If you provide both a move constructor and a move assignment operator for your class, you can eliminate redundant code by writing
the move constructor to call the move assignment operator. The
following example shows a revised version of the move constructor that
calls the move assignment operator:
// Move constructor.
*this = std::move(other);
I wouldn't do it this way. The reason for the move members to exist in the first place is performance. Doing this for your move constructor is like shelling out megabucks for a super-car and then trying to save money by buying regular gas.
If you want to reduce the amount of code you write, just don't write the move members. Your class will copy just fine in a move context.
If you want your code to be high performance, then tailor your move constructor and move assignment to be as fast as possible.
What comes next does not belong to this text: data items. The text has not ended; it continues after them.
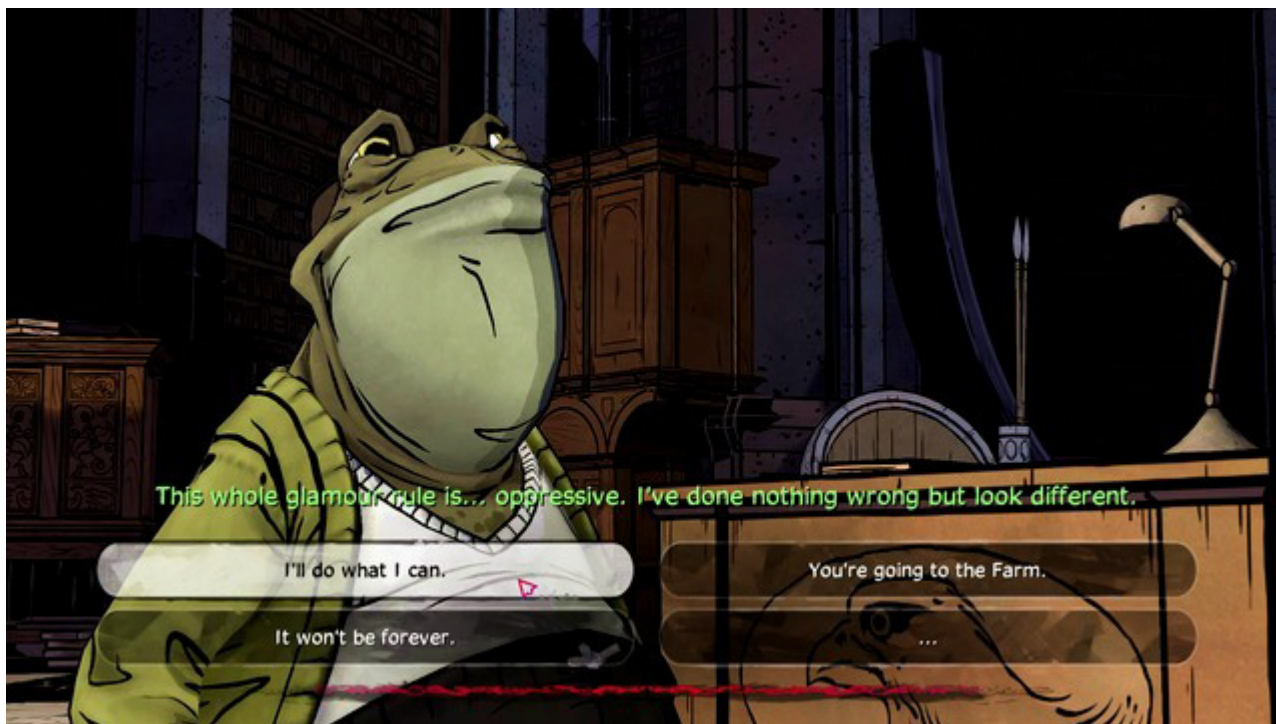
Ważny wybór 4

Skutki wyboru trzeciego są identyczne w obu przypadkach. Znajdziesz kawałek magicznego lustra po czym udasz się do Woodlands.
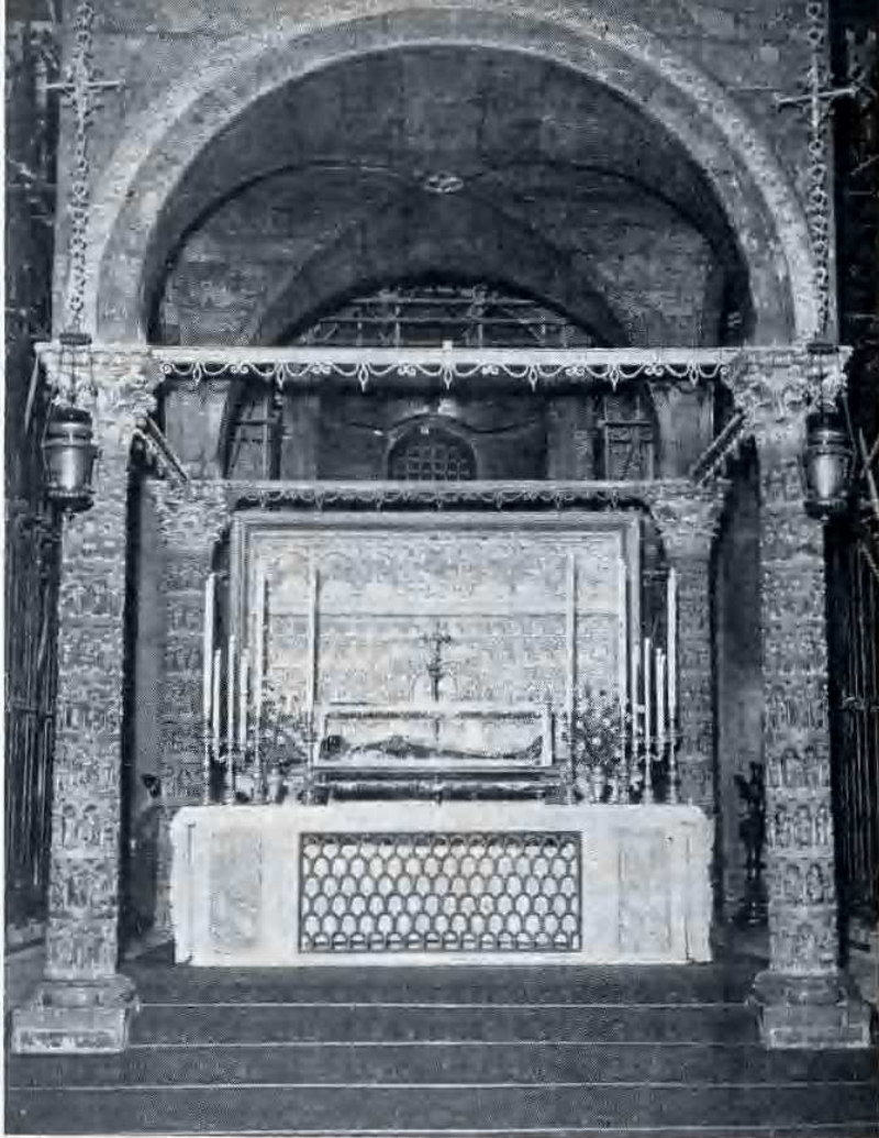
Il corpo di S. Saba collocato in S. Marco fra la Pala d'oro e l'Altare.

dispersi nei dintorni della Torre di David.
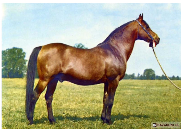
Fot. 1. Ogier Celebes (fot. Z. Raczkowska) https://www.bazakoni.pl/celebes-witra-canaria Photo 1. Celebes stallion

Celebes pozostawił w stadninach Michałów i Janów 98 sztuk potomstwa, utrwalając w ich genotypie i fenotypie krew Ofira i Khailana Haifi. W hodowli użyto kilku jego wartościowych synów: Melona (Celebes/Mantyla po Grand), Etapa (Celebes/Etna po Faher), Algomeja (Celebes/Algonkina po Pietuszek), Aloesa (Celebes/Algoa po Czort) i Pepi (Celebes/Pemba po Czort). Celebes padł 31 stycznia 1978 r. w Janowie Podlaskim w wieku 29 lat.
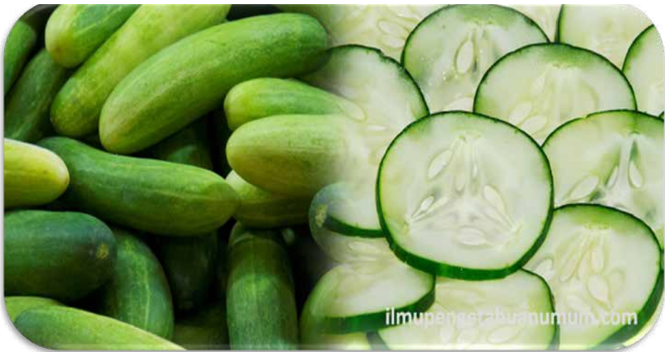
Qiththa, Cucumber, Mentimun.
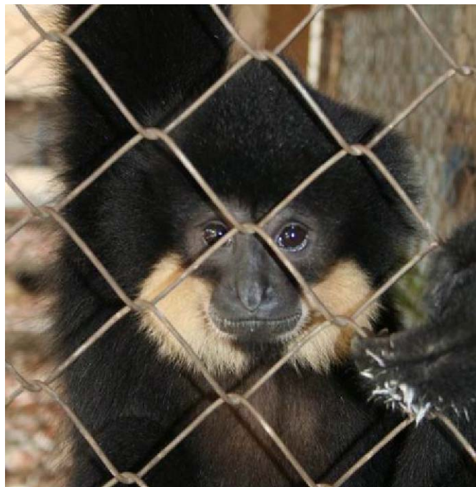
Một trong số ba cá thể vượn đen má hung tại một nhà hàng ở Đồng Nai. Chi cục kiểm lâm đang có kế hoạch sớm chuyển giao những cá thể vượn này cho trung tâm cứu hộ.

Bình Thuận: Một cán bộ kiểm lâm đã tự nguyện chuyển giao ba cá thể vượn cho Trung tâm cứu hộ Củ Chi tại Thành phố Hồ Chí Minh sau khi nuôi nhốt các động vật này trong 6 năm. ( Thông tin được lưu trong hồ sơ số 656 ).
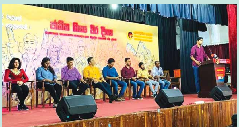
ශිෂ්‍ය විර දිනය සමරමින්
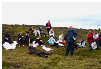
“Stikarar” hvíla lúin bein.

Alls komu um 100 börn í fræðslu í Krossavík á vordögum, um 230 nemendur grunnskólans komu í stjörnuskoðun og auk þess fullorðið fólk og 15 stikuðu gönguleið fyrir Jökul. Alls voru það því um 360 nemendur skólans og aðrir sem nutu sérstakrar dagskrár sem þjóðgarðurinn bauð uppá.
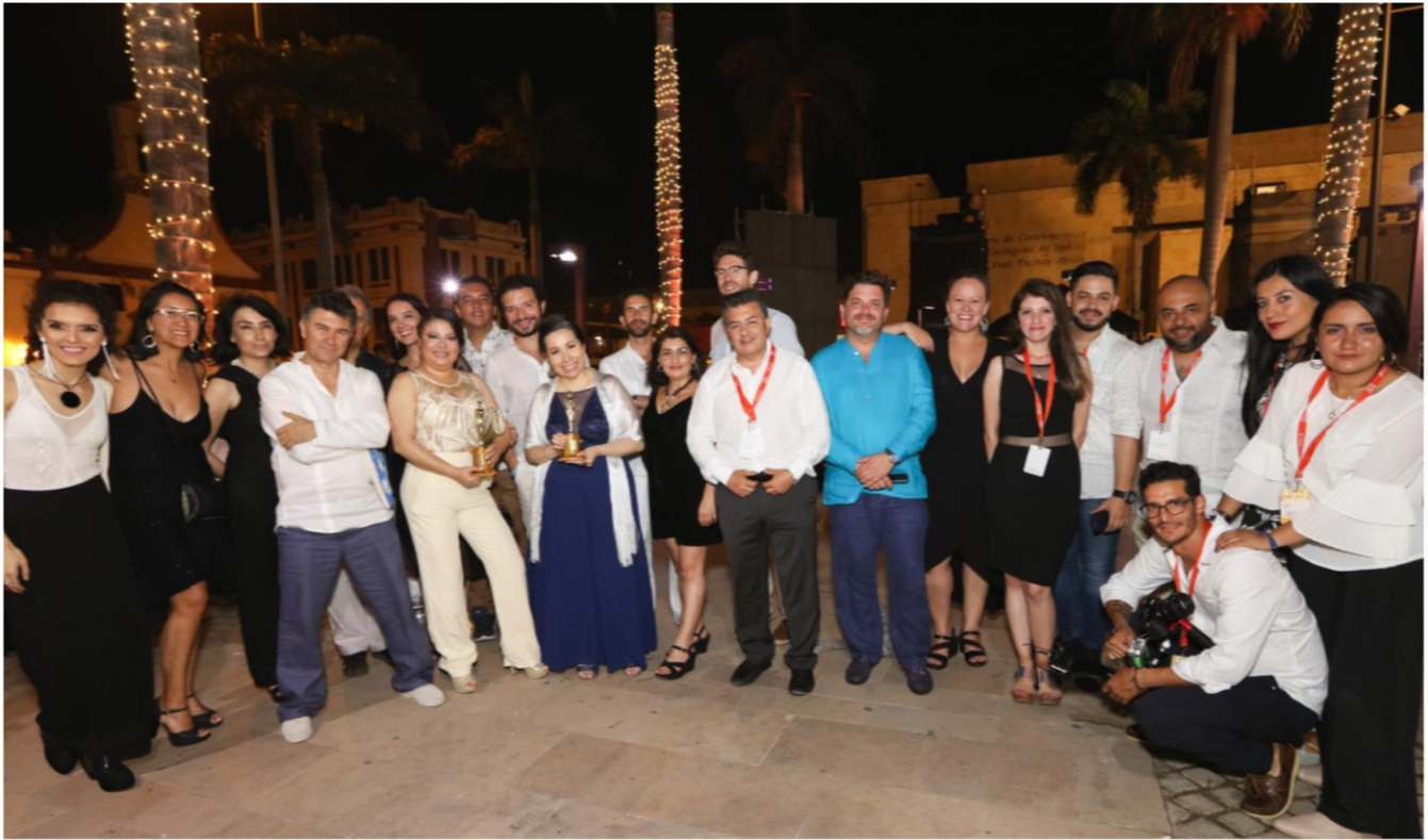
Equipo RTVC en los India Catalina.
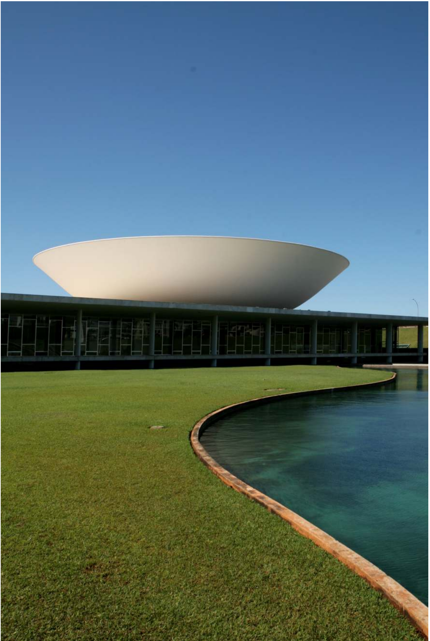
Câmara dos Deputados - Palace of the National Congress
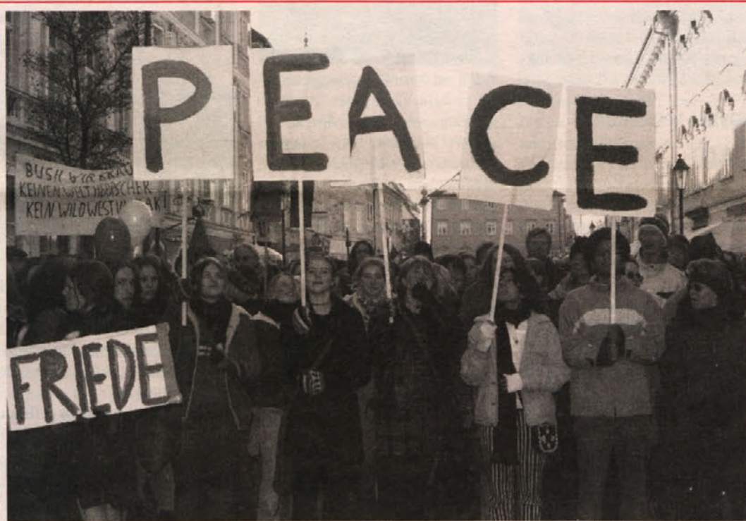
Pretekli konec tedna je milijone ljudi po vsem svetu demonstriralo za mirno rešitev iraškega problema. Tudi v Celovcu se je pretekli petek zbralo nad tisoč ljudi, med njimi veliko mladih, ki so s transparenti v rokah odklonili vojno proti Iraku.

Good move members will be blazingly fast, and you should be estimating their speed by counting loads, stores and branches. If you can write something with 4 load/stores instead of 8, do it! If you can write something with no branches instead of 1, do it!
When you (or your client) put your class into a
std::vector, a lot of moves can get generated on your type. Even if your move is lightning fast at 8 loads/stores, if you can make it twice as fast, or even 50% faster with only 4 or 6 loads/stores, imho that is time well spent.
Personally I'm sick of seeing waiting cursors and am willing to donate an extra 5 minutes to writing my code and know that it is as fast as possible.
If you're still not convinced this is worth it, write it both ways and then examine the generated assembly at full optimization. Who knows, your compiler just might be smart enough to optimize away extra loads and stores for you. But by this time you've already invested more time than if you had just written an optimized move constructor in the first place.